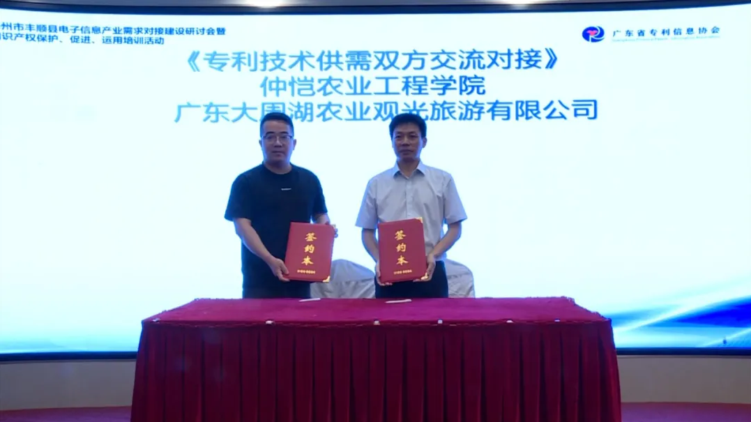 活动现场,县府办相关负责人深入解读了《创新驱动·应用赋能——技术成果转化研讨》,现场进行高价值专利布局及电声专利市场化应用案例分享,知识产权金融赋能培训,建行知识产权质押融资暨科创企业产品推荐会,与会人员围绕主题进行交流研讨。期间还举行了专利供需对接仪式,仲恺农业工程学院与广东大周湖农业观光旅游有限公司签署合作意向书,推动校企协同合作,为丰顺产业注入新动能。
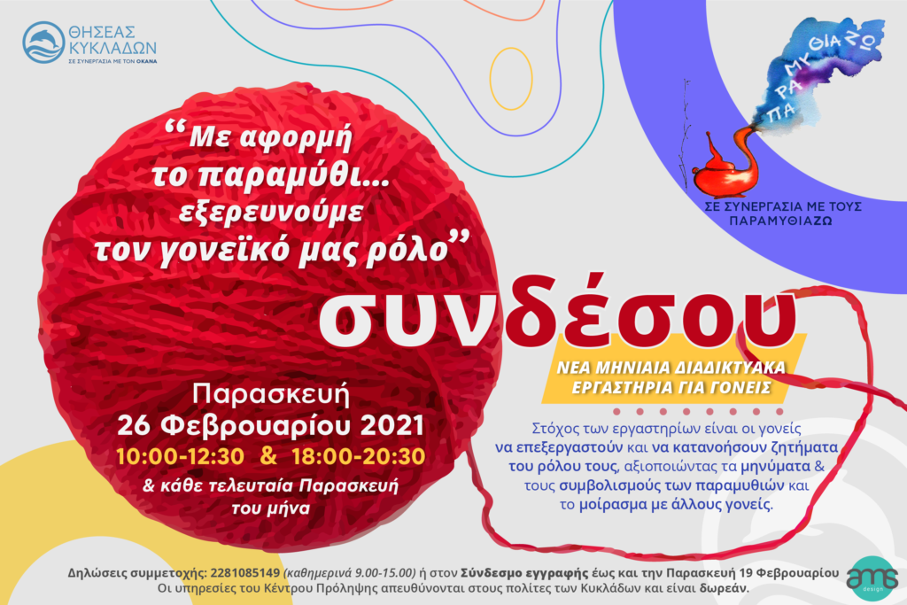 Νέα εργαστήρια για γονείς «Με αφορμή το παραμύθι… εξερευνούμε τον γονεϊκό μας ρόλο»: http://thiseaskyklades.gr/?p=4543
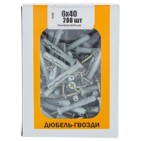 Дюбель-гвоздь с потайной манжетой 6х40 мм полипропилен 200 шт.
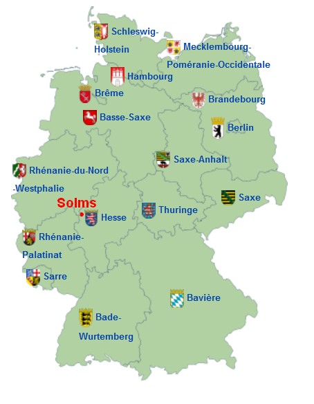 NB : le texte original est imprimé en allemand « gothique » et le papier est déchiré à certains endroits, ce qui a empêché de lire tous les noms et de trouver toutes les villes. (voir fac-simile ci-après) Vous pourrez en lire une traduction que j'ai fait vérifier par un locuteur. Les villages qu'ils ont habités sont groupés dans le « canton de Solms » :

§ TASK DIRECTIONS:
Return the full material word for word. Do not include the pictures.

§ YOUR RESPONSE:
 活动现场,县府办相关负责人深入解读了《创新驱动·应用赋能——技术成果转化研讨》,现场进行高价值专利布局及电声专利市场化应用案例分享,知识产权金融赋能培训,建行知识产权质押融资暨科创企业产品推荐会,与会人员围绕主题进行交流研讨。期间还举行了专利供需对接仪式,仲恺农业工程学院与广东大周湖农业观光旅游有限公司签署合作意向书,推动校企协同合作,为丰顺产业注入新动能。
 Νέα εργαστήρια για γονείς «Με αφορμή το παραμύθι… εξερευνούμε τον γονεϊκό μας ρόλο»: http://thiseaskyklades.gr/?p=4543
 Дюбель-гвоздь с потайной манжетой 6х40 мм полипропилен 200 шт.
 NB : le texte original est imprimé en allemand « gothique » et le papier est déchiré à certains endroits, ce qui a empêché de lire tous les noms et de trouver toutes les villes. (voir fac-simile ci-après) Vous pourrez en lire une traduction que j'ai fait vérifier par un locuteur. Les villages qu'ils ont habités sont groupés dans le « canton de Solms » :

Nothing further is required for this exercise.